[improve][fn] Add API endpoint for function-worker for liveness check with configurable flag #23829

mukesh154 · 2025-01-09T06:19:42Z

Motivation

This pull request introduces a health check functionality for Kubernetes deployments, specifically adding a liveness probe for the function worker. The liveness probe is crucial for Kubernetes-based applications, enabling automated pod restarts in case of failure. This change ensures that the function worker recovers when a ProducerFencedException occurs, which causes the worker to get stuck and not recover.

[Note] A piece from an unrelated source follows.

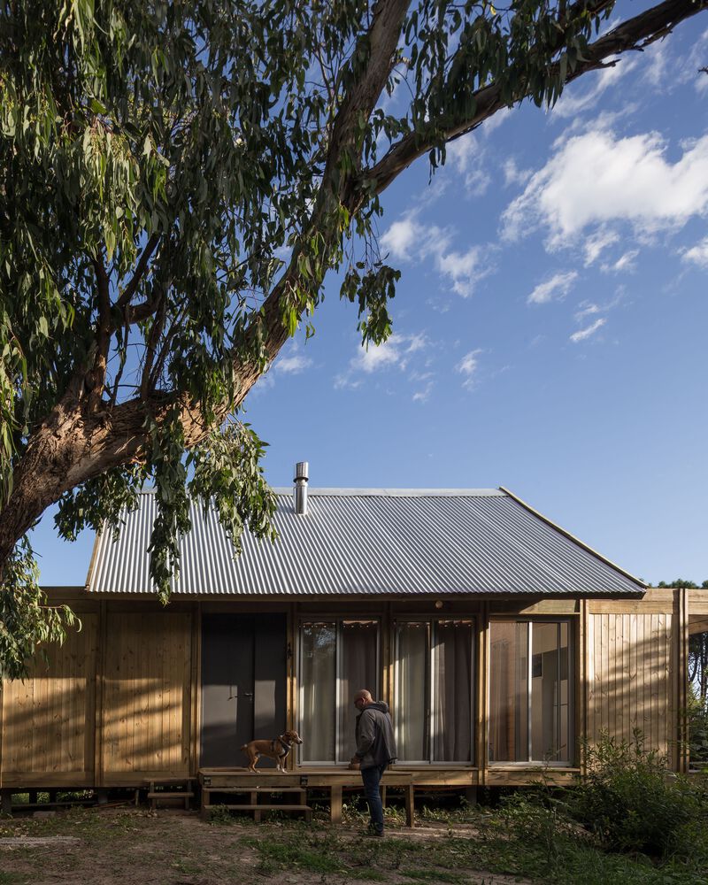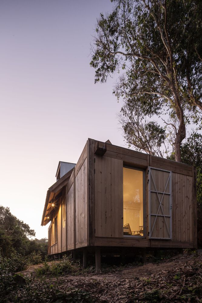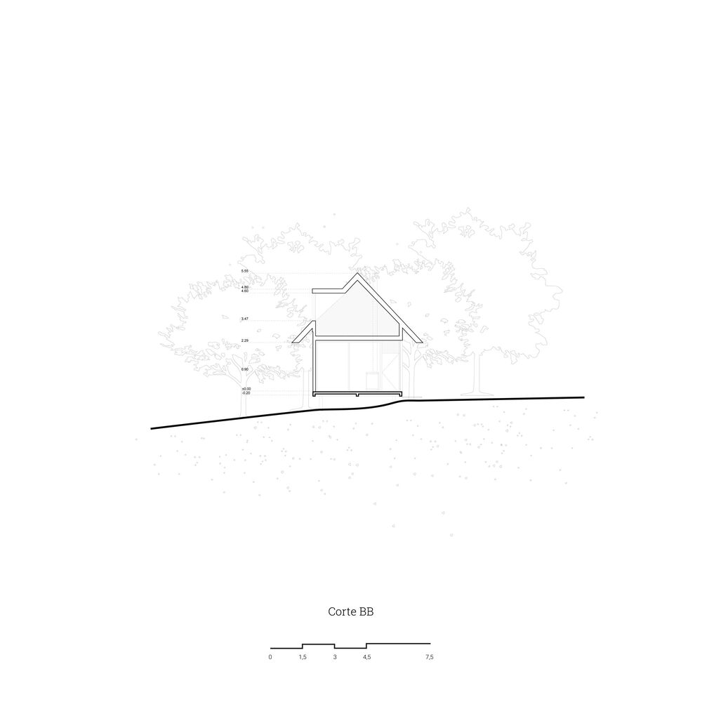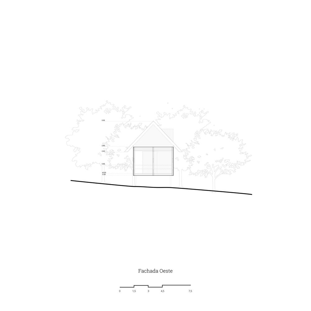 The shelter is assembled in a longitudinal position that divides the land into two different sides. The first one is pointed to the north, and it is organized in a logical way, as there is an interior exterior access link. The second one is south facing where there is a new contemplation logic to look at the landscape from a series of specific cut-outs in the shell and cover.

For instance, when a client makes a request like:

curl --location --request PUT 'https://localhost:6651/admin/v3/functions/test/test/test' --header 'Authorization: Bearer <token>' --header '...' --form '[email protected]'

For POST, PUT, and DELETE operations, the following error is returned under heavy load:

{"reason":"Internal Error updating function at the leader"}

And, when the following error occurs in the function worker currently:

ERROR org.apache.pulsar.functions.worker.FunctionMetaDataManager - Could not write into Function Metadata topic │
│ org.apache.pulsar.client.api.PulsarClientException$ProducerFencedException: Producer was fenced

The function worker does not recover, leading to an ongoing failure. With this update, the worker will automatically restart with the help of health check with liveliness probe upon encountering this error, ensuring proper recovery and continuity of operations.

Modifications

This update introduces an API endpoint to perform a liveliness check on the function worker pod. The API returns an HTTP status of 200 (OK) when the isLive flag within FunctionImpl is true. If the flag is false, typically after a ProducerFencedException occurs, the API will return a status of 503 (Service Unavailable).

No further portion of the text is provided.